* Directions for this task
Write out the full listing exactly as given, minus the images.

* Raw data
════════════════

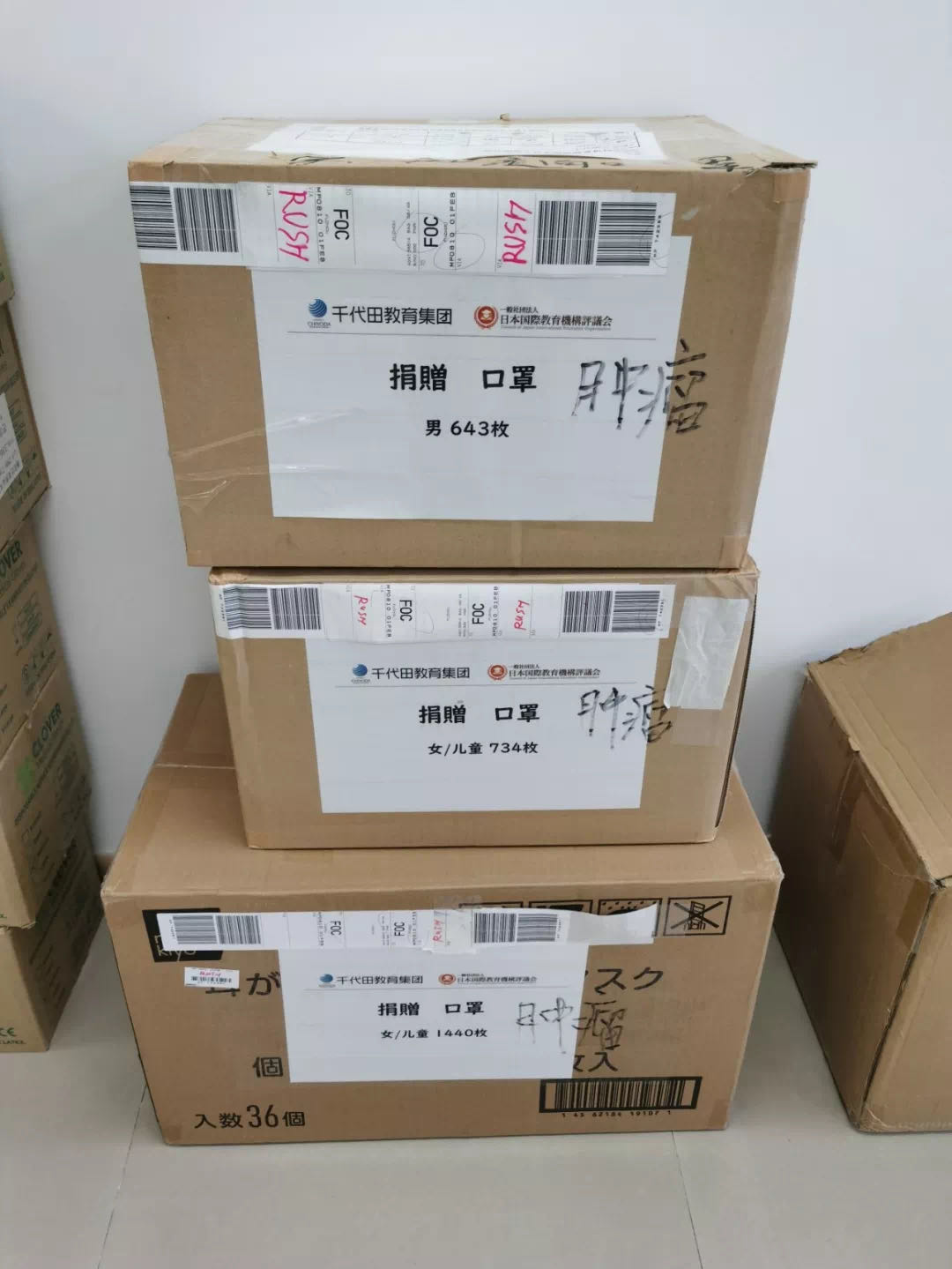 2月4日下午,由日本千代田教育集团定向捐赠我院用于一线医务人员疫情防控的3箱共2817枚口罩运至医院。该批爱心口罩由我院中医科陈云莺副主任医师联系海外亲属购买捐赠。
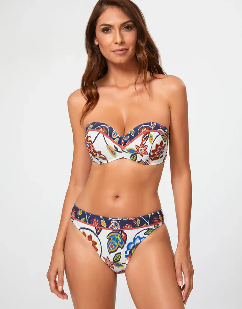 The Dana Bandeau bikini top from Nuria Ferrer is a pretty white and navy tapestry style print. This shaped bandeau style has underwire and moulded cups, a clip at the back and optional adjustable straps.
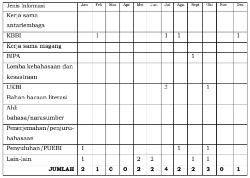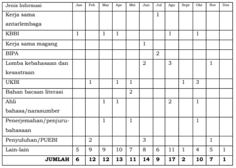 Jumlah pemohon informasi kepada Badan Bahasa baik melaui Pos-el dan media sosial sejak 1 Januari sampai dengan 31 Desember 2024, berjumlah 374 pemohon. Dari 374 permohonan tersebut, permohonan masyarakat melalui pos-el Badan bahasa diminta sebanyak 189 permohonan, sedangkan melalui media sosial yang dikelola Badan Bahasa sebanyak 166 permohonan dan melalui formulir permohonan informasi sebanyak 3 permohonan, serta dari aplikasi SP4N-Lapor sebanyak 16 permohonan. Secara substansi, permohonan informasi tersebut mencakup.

════════════════

* Answer below
 2月4日下午,由日本千代田教育集团定向捐赠我院用于一线医务人员疫情防控的3箱共2817枚口罩运至医院。该批爱心口罩由我院中医科陈云莺副主任医师联系海外亲属购买捐赠。
 The Dana Bandeau bikini top from Nuria Ferrer is a pretty white and navy tapestry style print. This shaped bandeau style has underwire and moulded cups, a clip at the back and optional adjustable straps.
 Jumlah pemohon informasi kepada Badan Bahasa baik melaui Pos-el dan media sosial sejak 1 Januari sampai dengan 31 Desember 2024, berjumlah 374 pemohon. Dari 374 permohonan tersebut, permohonan masyarakat melalui pos-el Badan bahasa diminta sebanyak 189 permohonan, sedangkan melalui media sosial yang dikelola Badan Bahasa sebanyak 166 permohonan dan melalui formulir permohonan informasi sebanyak 3 permohonan, serta dari aplikasi SP4N-Lapor sebanyak 16 permohonan. Secara substansi, permohonan informasi tersebut mencakup.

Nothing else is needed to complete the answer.